- Work instruction
Your answer must be an exact copy of the entries below, with every picture removed.

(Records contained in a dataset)
##############################

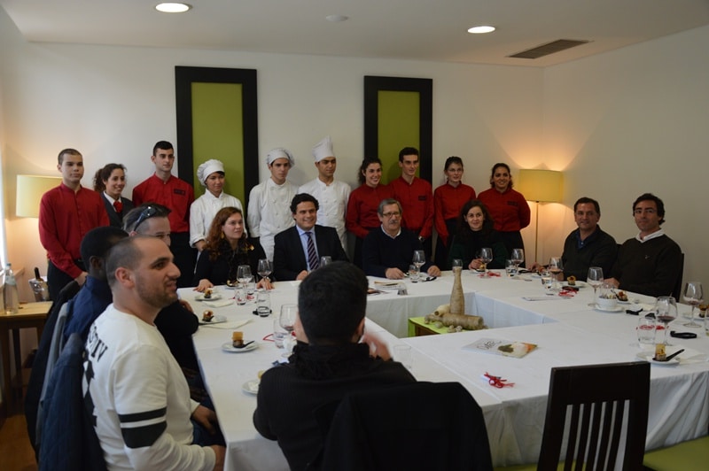 Neste almoço típico do Minho e Trás os Montes esteve presente o enólogo João Sardinha, responsável pela adega cooperativa de Alcanhões, que foi à EHTO dinamizar um workshop junto dos alunos sobre vinhos. Estiveram ainda presentes a diretora da Escola Superior de Artes e Design de Caldas da Rainha (ESAD.CR) Susana Rodrigues, e os colaboradores das oficinas técnicas da ESAD.CR, com o objetivo de continuarem a ser parceiros em várias atividades e iniciativas de interesse para ambas as escolas.
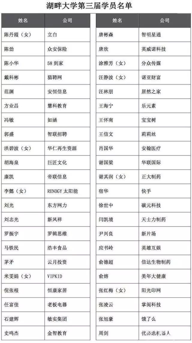 在第三期湖畔学员名单中,包括饿了么创始人张旭豪、快手创始人宿华、VIPKID创始人米雯娟、立白集团董事陈丹霞、老板电器总裁任富佳、英雄互娱创始人应书岭、罗辑思维创始人罗振宇等。
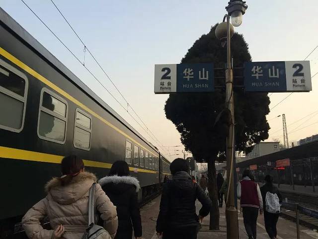 好久没乘坐过这样需要下台阶的火车了,上车的时候都没有爬台阶,应该是华山站的月台太低了~晚上回西安的时候发现,华山站小小的,只有一个进站口,候车室也是小小的。
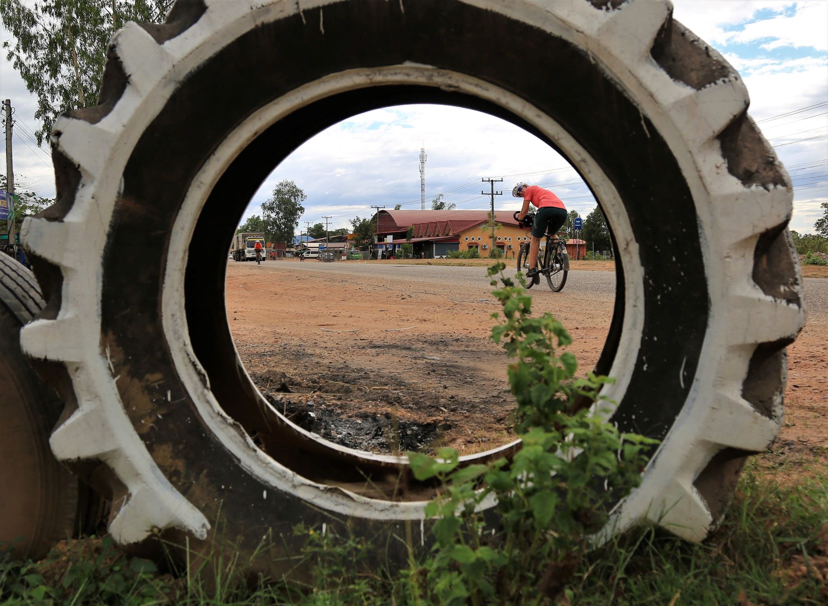 Woody, ein kleiner zäher mitfünfziger Thai, und unser lokaler Guide in Thailand arbeitet wie ein Uhrwerk. 23 Kilometer in der Stunde, egal ab bergauf oder bergab, schneidet den Gegenwind wie ein Messer und kennt die Gegend wie seine Westentasche. Der Typ ist tiefenentspannt, und ein Geschenk. Die Begegnungen am Wegesrand sind es ebenso …
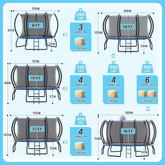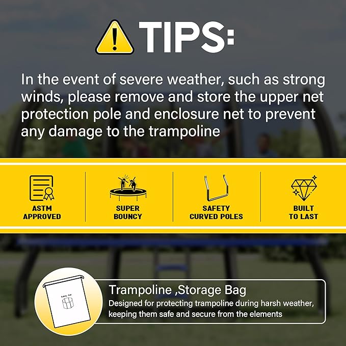- Your Kid's Joy and Security – Our Top Priority: Designed with your child's safety in mind, our trampolines feature curved leg tubes and heavy-duty galvanized steel, ensuring a smoother, more balanced bounce. Safety-first design, meeting ASTM F381-16 global standards.
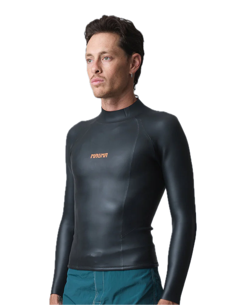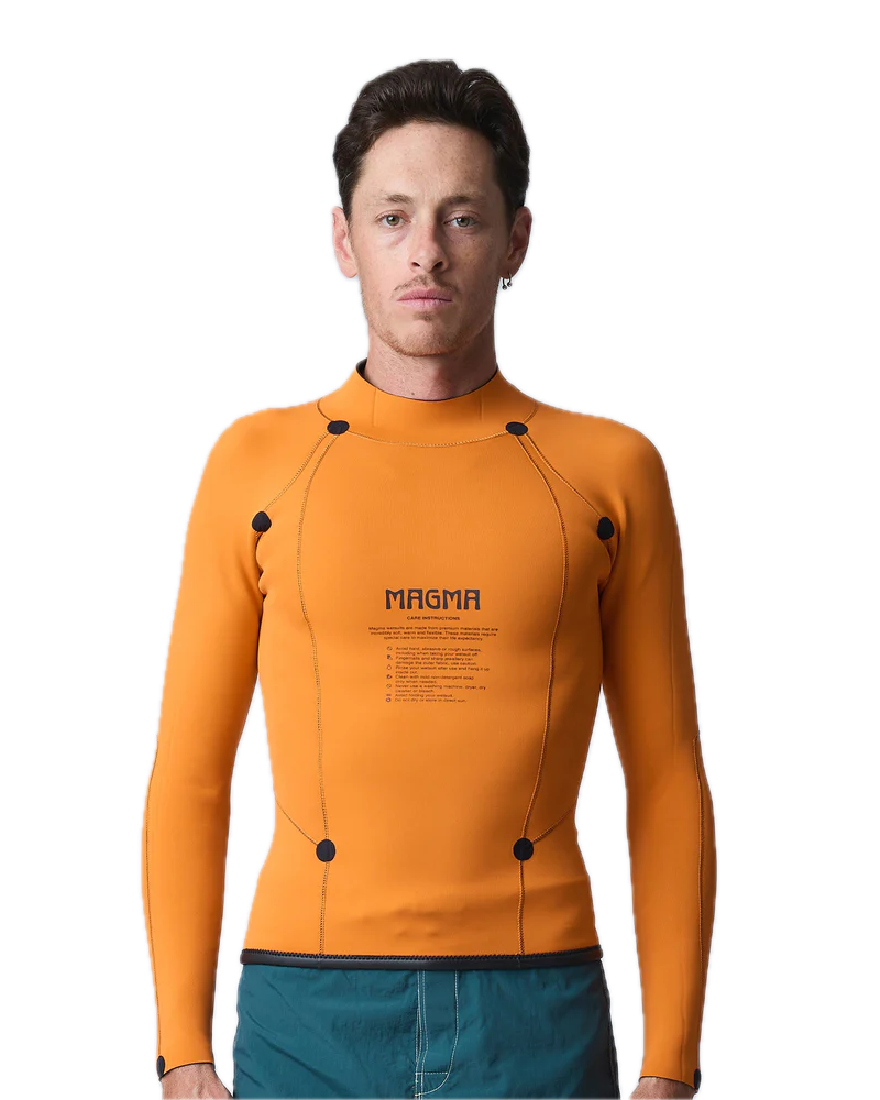 All MAGMA wetsuit jackets are made with 2mm Yamamoto, a limestone based rubber from Japan that is warmer, lighter and dries faster than petroleum-based neoprene. Yamamoto rubber has a lower carbon footprint and it lasts longer, meaning less suits in landfill and more time in the water.
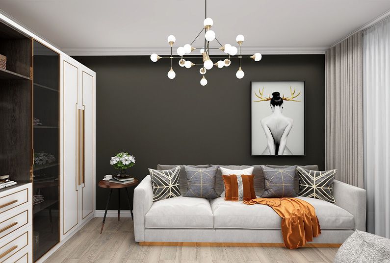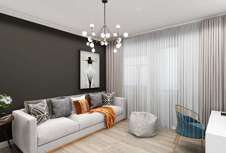 本案是一套美式簡約家居,客廳的設(shè)計簡約大氣、線條洗練,淡色系墻面、天花板、沙發(fā)與深色系的茶幾、墻紙相得益彰,賦予空間平衡之美 ;摒棄一切煩瑣和奢華,去掉零碎的空間劃分,去掉堆砌的顏色和擺設(shè),去掉繁復(fù)設(shè)計的家具,但整個空間看起來,卻又簡而不凡。
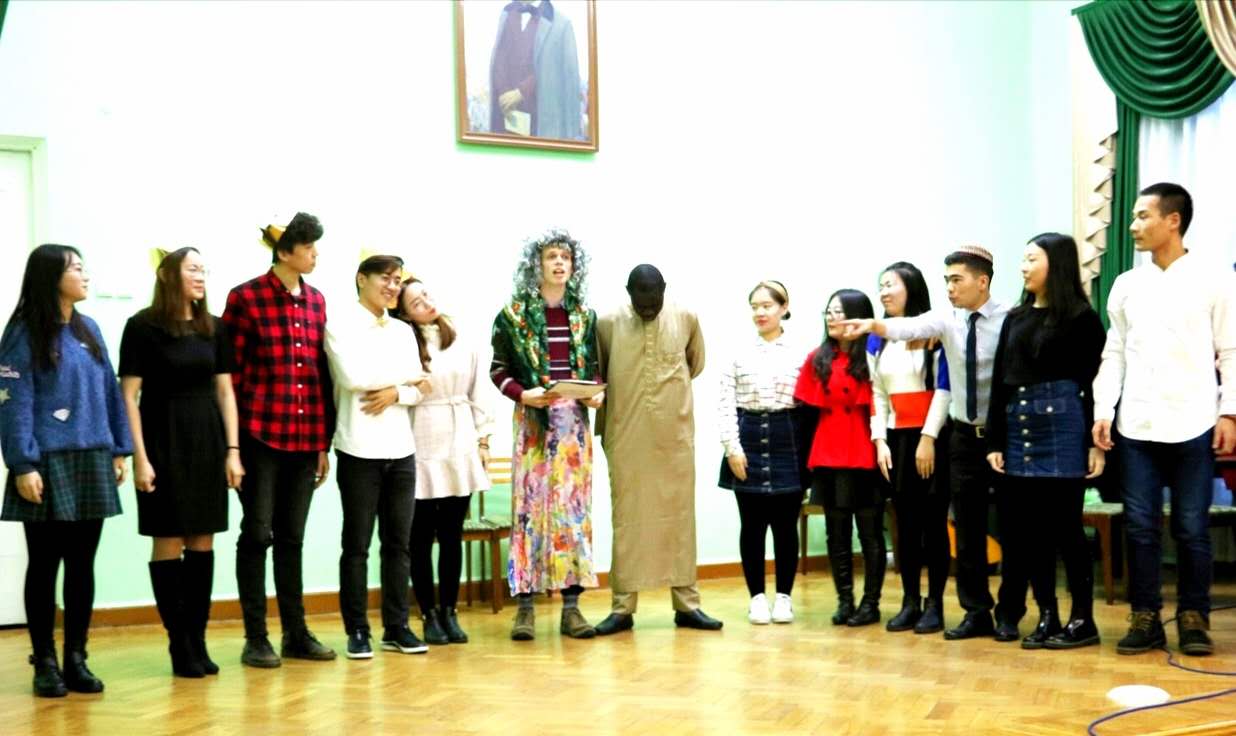 在沃大开展项目评估期间,我校代表团还应邀参加了沃罗涅日大学语言系主办的一年一度的“俄罗斯童话节”活动。这一活动中,俄罗斯的大学生、中小学生、以及各国留学生在同一个舞台上,展示他们精心排演的俄罗斯童话剧。并有多位专家评委现场打分,评选出编排和表演俱佳的演出剧目。“童话节”舞台剧目精彩纷呈,俄罗斯学生和各国留学生风格各异的演出给我校代表团留下深刻印象。最令人欣喜的是,此次“童话节”优秀剧目的评选中,kk体育

##############################

- Problem solution
 Neste almoço típico do Minho e Trás os Montes esteve presente o enólogo João Sardinha, responsável pela adega cooperativa de Alcanhões, que foi à EHTO dinamizar um workshop junto dos alunos sobre vinhos. Estiveram ainda presentes a diretora da Escola Superior de Artes e Design de Caldas da Rainha (ESAD.CR) Susana Rodrigues, e os colaboradores das oficinas técnicas da ESAD.CR, com o objetivo de continuarem a ser parceiros em várias atividades e iniciativas de interesse para ambas as escolas.
 在第三期湖畔学员名单中,包括饿了么创始人张旭豪、快手创始人宿华、VIPKID创始人米雯娟、立白集团董事陈丹霞、老板电器总裁任富佳、英雄互娱创始人应书岭、罗辑思维创始人罗振宇等。
 好久没乘坐过这样需要下台阶的火车了,上车的时候都没有爬台阶,应该是华山站的月台太低了~晚上回西安的时候发现,华山站小小的,只有一个进站口,候车室也是小小的。
 Woody, ein kleiner zäher mitfünfziger Thai, und unser lokaler Guide in Thailand arbeitet wie ein Uhrwerk. 23 Kilometer in der Stunde, egal ab bergauf oder bergab, schneidet den Gegenwind wie ein Messer und kennt die Gegend wie seine Westentasche. Der Typ ist tiefenentspannt, und ein Geschenk. Die Begegnungen am Wegesrand sind es ebenso …
- Your Kid's Joy and Security – Our Top Priority: Designed with your child's safety in mind, our trampolines feature curved leg tubes and heavy-duty galvanized steel, ensuring a smoother, more balanced bounce. Safety-first design, meeting ASTM F381-16 global standards.
 All MAGMA wetsuit jackets are made with 2mm Yamamoto, a limestone based rubber from Japan that is warmer, lighter and dries faster than petroleum-based neoprene. Yamamoto rubber has a lower carbon footprint and it lasts longer, meaning less suits in landfill and more time in the water.
 本案是一套美式簡約家居,客廳的設(shè)計簡約大氣、線條洗練,淡色系墻面、天花板、沙發(fā)與深色系的茶幾、墻紙相得益彰,賦予空間平衡之美 ;摒棄一切煩瑣和奢華,去掉零碎的空間劃分,去掉堆砌的顏色和擺設(shè),去掉繁復(fù)設(shè)計的家具,但整個空間看起來,卻又簡而不凡。
 在沃大开展项目评估期间,我校代表团还应邀参加了沃罗涅日大学语言系主办的一年一度的“俄罗斯童话节”活动。这一活动中,俄罗斯的大学生、中小学生、以及各国留学生在同一个舞台上,展示他们精心排演的俄罗斯童话剧。并有多位专家评委现场打分,评选出编排和表演俱佳的演出剧目。“童话节”舞台剧目精彩纷呈,俄罗斯学生和各国留学生风格各异的演出给我校代表团留下深刻印象。最令人欣喜的是,此次“童话节”优秀剧目的评选中,kk体育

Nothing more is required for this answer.